This week at the state legislature, a new bill overhauling the public pension system was finally filed and it’s a lot different from the proposal made by Gov. Matt Bevin last fall. But, it still reduces benefits to many current and most future state employees while promising massive infusions of cash into the pension systems.
Bevin’s plan to overhaul the pension system would have moved most future and some current state employees onto 401k-style retirement plans.
That meant the state would’ve still made contributions to employees’ retirement accounts that would grow with the stock market, but it wouldn’t be on the hook for paying out monthly payments from when workers retire until they die.
But Republican leaders of the legislature said Bevin’s 401k plan would have been too costly, especially when the state’s already considering big budget cuts.
House Speaker Pro Tem David Osborne said “it was just more costly. There were some people who felt very strongly from an ideological standpoint that we needed to transition to a defined contribution plan. But when the data came back, it just didn’t support financially our ability to do that. “
By moving almost all future workers into 401ks, there would be no new employees to make their own payments into the state retirement system—a very important source of funds for the pensions of people who are already retired or in the system.
So instead lawmakers have proposed moving most future workers into what’s called “hybrid cash-balance” retirement plans.
These are like 401ks, in that the state and employees contribute a little bit every month towards retirement. The state would manage a retirement fund that’s invested in stocks and bonds. And when an employee retires, they’d have a lump sum of money that could be divided into monthly payments.
“It does offer that stability. It offers guarantees, " said Osborne, "it offers the ability for upside in good markets, protects it during down-markets.”
The thing is, the state already offers a cash-balance plan. Most state employees hired since 2014 have been put into it. And this new version is less generous than that.
Under the current system, the state guarantees that employees will get a 4 percent return on their retirement investments. Under the proposed one, the state will only guarantee that employees won’t lose money.
And this new plan is way less generous for future teachers, who would no longer receive a defined benefit pension plan that guarantees payments until death.
Jason Bailey from the Kentucky Center for Economic Policy said it is a lesser benefit "for sure",
“It’s a lesser benefit for sure. One of the big issues is just the predictability and security of knowing what you’re going to get at the end of the day, which is what they have now. This is more dependent on the markets.”

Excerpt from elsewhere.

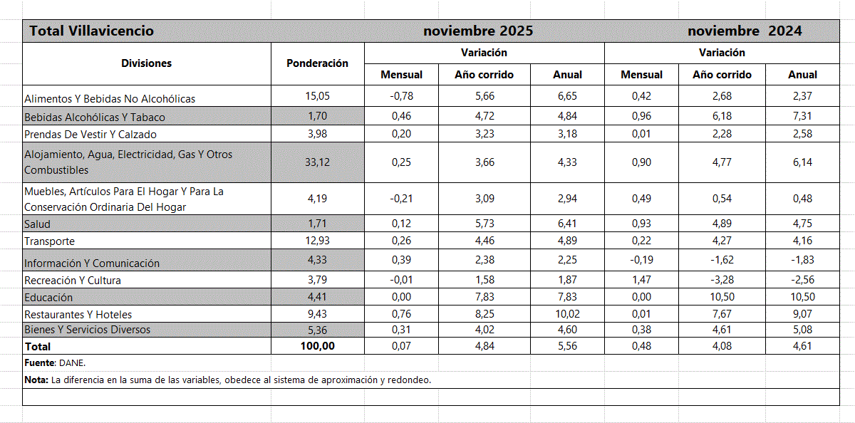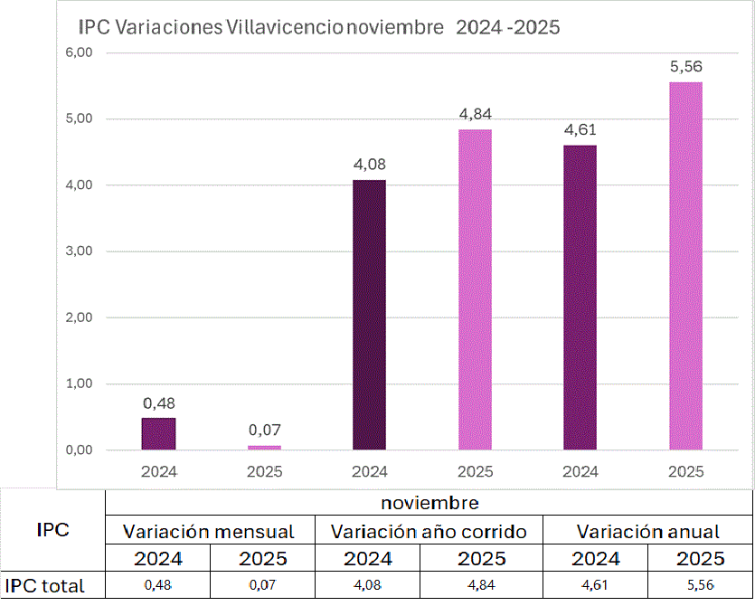 En Villavicencio la inflación varió 5,56% en el mes de noviembre con relación a los doce meces anteriores. De enero a noviembre de 2025 el 4,84% variaron al alza los gastos. En el mes, los incrementos de los precios 0,07%, mientras el año pasado eran 0,48%, dejaron de subir 0,41% en lo correspondiente con esta variación mensual.

Cost of living adjustments for teachers who have already retired would be cut in half for the next 12 years. For future retirees, the cost of living adjustments would be cut in half for the first 12 years of their retirements.
Employees would no longer be able to accumulate sick days to help them retire early.
And future teachers’ pensions would no longer be subject to the so-called “inviolable contract,” meaning lawmakers could vote to reduce benefits at any time.
Sen. Joe Bowen, a Republican from Owensboro, said he thought state workers would support the new bill.
“I can’t imagine there being a lot of pushback on this. We made, I don’t want to call them concessions, because they’re sound decisions we made. They’re fiscally responsible decisions. They’re not concessions, they’re the right decisions.”
Lawmakers estimate the proposal would save the state $4.8 billion and pay off the state’s pension debt in 30 years.
It would require the state to set aside massive contributions to the system and lawmakers are still non-committal about reforming the tax code so the state can bring in more money.